Figure 5. Identification of the cis-element required for the regulation of the stability of SOS1 mRNA

(a) The cis-element is located in the 2.2-kb region encoding the C-terminal cytosolic portion of SOS1 protein. C, control; Na, 200 mm NaCl treatment for 5 h. Tubulin and rRNA were used as loading controls. (b) The approximate 500-bp sequence within the 2.2 kb is required for instability of SOS1 mRNA. Deletion constructs of the 2.2 kb (left panel) were made and transgenic plants were obtained as described in Experimental procedures. Two independent T₂ transgenic lines were used to detect the mRNA level in the transgenic plants (right panel). Vertical dotted lines show the sequence region (approximately 500 bp) required for SOS1 mRNA instability. C, control; Na, 200 mm NaCl treatment for 5 h; H₂O₂, 10 mm H₂O₂ treatment for 1 h. rRNA (as a loading control) is not shown.

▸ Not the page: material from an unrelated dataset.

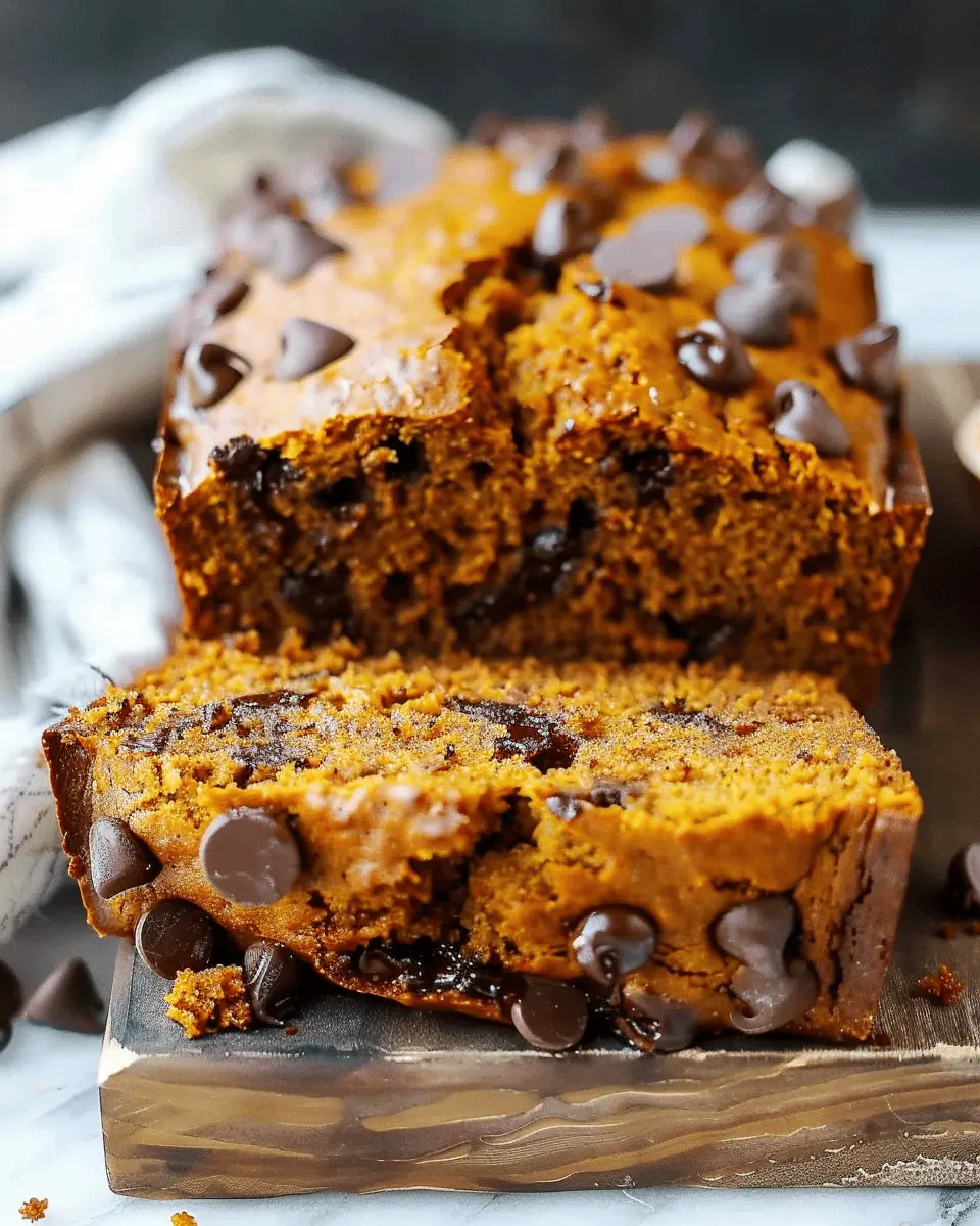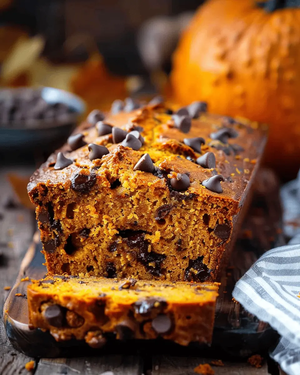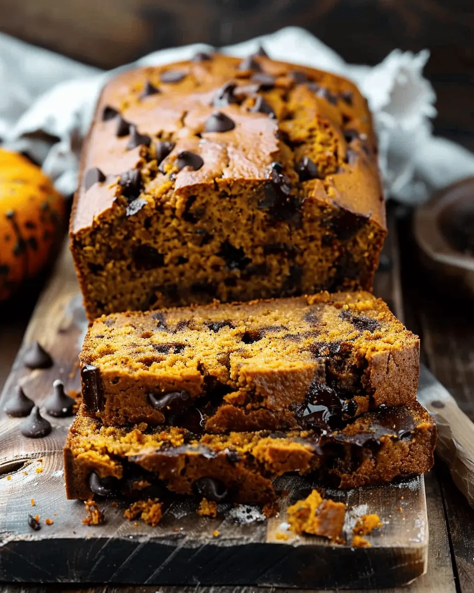 A deliciously moist and flavorful pumpkin bread loaded with chocolate chips, perfect for fall.

Figure 6. sos1 mutants are more tolerant of methyl viologen (MV)

(a) Root-bending assay of wild-type and sos1 mutant seedlings gown on the 1/2 MS agar medium with or without 30 µm MV. (b) Measurements of chlorophyll content. (c) Root-bending assay of wild-type and sos1 mutant seedlings grown on the 1/2 MS agar medium with or without 0.2 µm MV. (d) Quantification of root growth in response to different concentrations of MV. (e), (f) Effects of diphenylene iodonium (DPI) on MV tolerance of wild-type and sos1 mutant seedlings. Note that the sensitivity to MV is significantly affected by the presence of low concentrations of DPI (f), at which root growth of both the wild type and sos1 mutants is not significantly affected (e).

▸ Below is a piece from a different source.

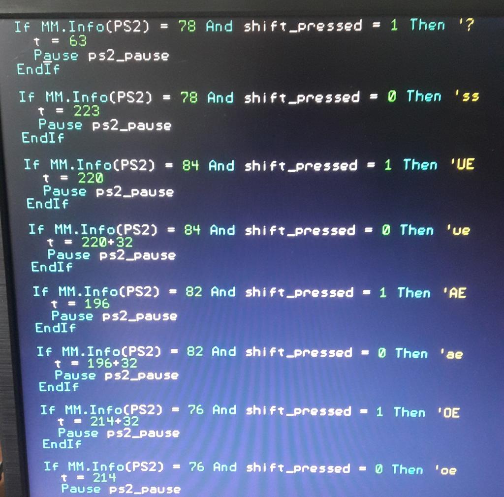 For my PS/2 programs it is no problem with re-mapping, but I looked in the manual and thought I found the equivalent of MM.INFO(PS2) = MM.INFO(USB) but it is not! This only gives the device number... I have no clue if re-mapping USB-keyboard inputs is possible at all, so I can "catch" the usb-code before the (re-mapped) Font character is printed. Peter ?? Anyone??

Figure 7. A proposed signaling pathway controlling SOS1 mRNA stability and SOS1-conferred paraquat sensitivity

(a) Hypothetical model showing the early signaling events and downstream signal transduction regulating the stability of SOS1 mRNA. Under Na⁺ stress, operation of SOS1 would cause extracellular pH elevation, which could be required for activation and/or maintenance of the plasma membrane-bound NADPH oxidase activity that produces extracellular reactive oxygen species (ROS). Extracellular ROS could serve as signaling molecules to trigger gene regulation. The stability of SOS1 mRNA could be increased through a positive feedback regulation upon salt stress. (b) Redox cycling of paraquat (PQ) coupling with the plasma membrane NADPH oxidases. The plasma membrane-bound NADPH oxidase could be an enzymatic source of electrons for the formation of free radical paraquat (PQ⁺) from normal divalent cation paraquat (PQ²⁺). Rapid reoxidation of PQ⁺ causes production of ROS through transfer of electrons to molecular oxygen. The PQ redox cycling, which causes enormous extracellular ROS production deleterious to plant cells, could be dependent on SOS1 activity that would be required for activation and/or maintenance of the NADPH oxidase activity. See the Discussion in the text for a detailed explanation.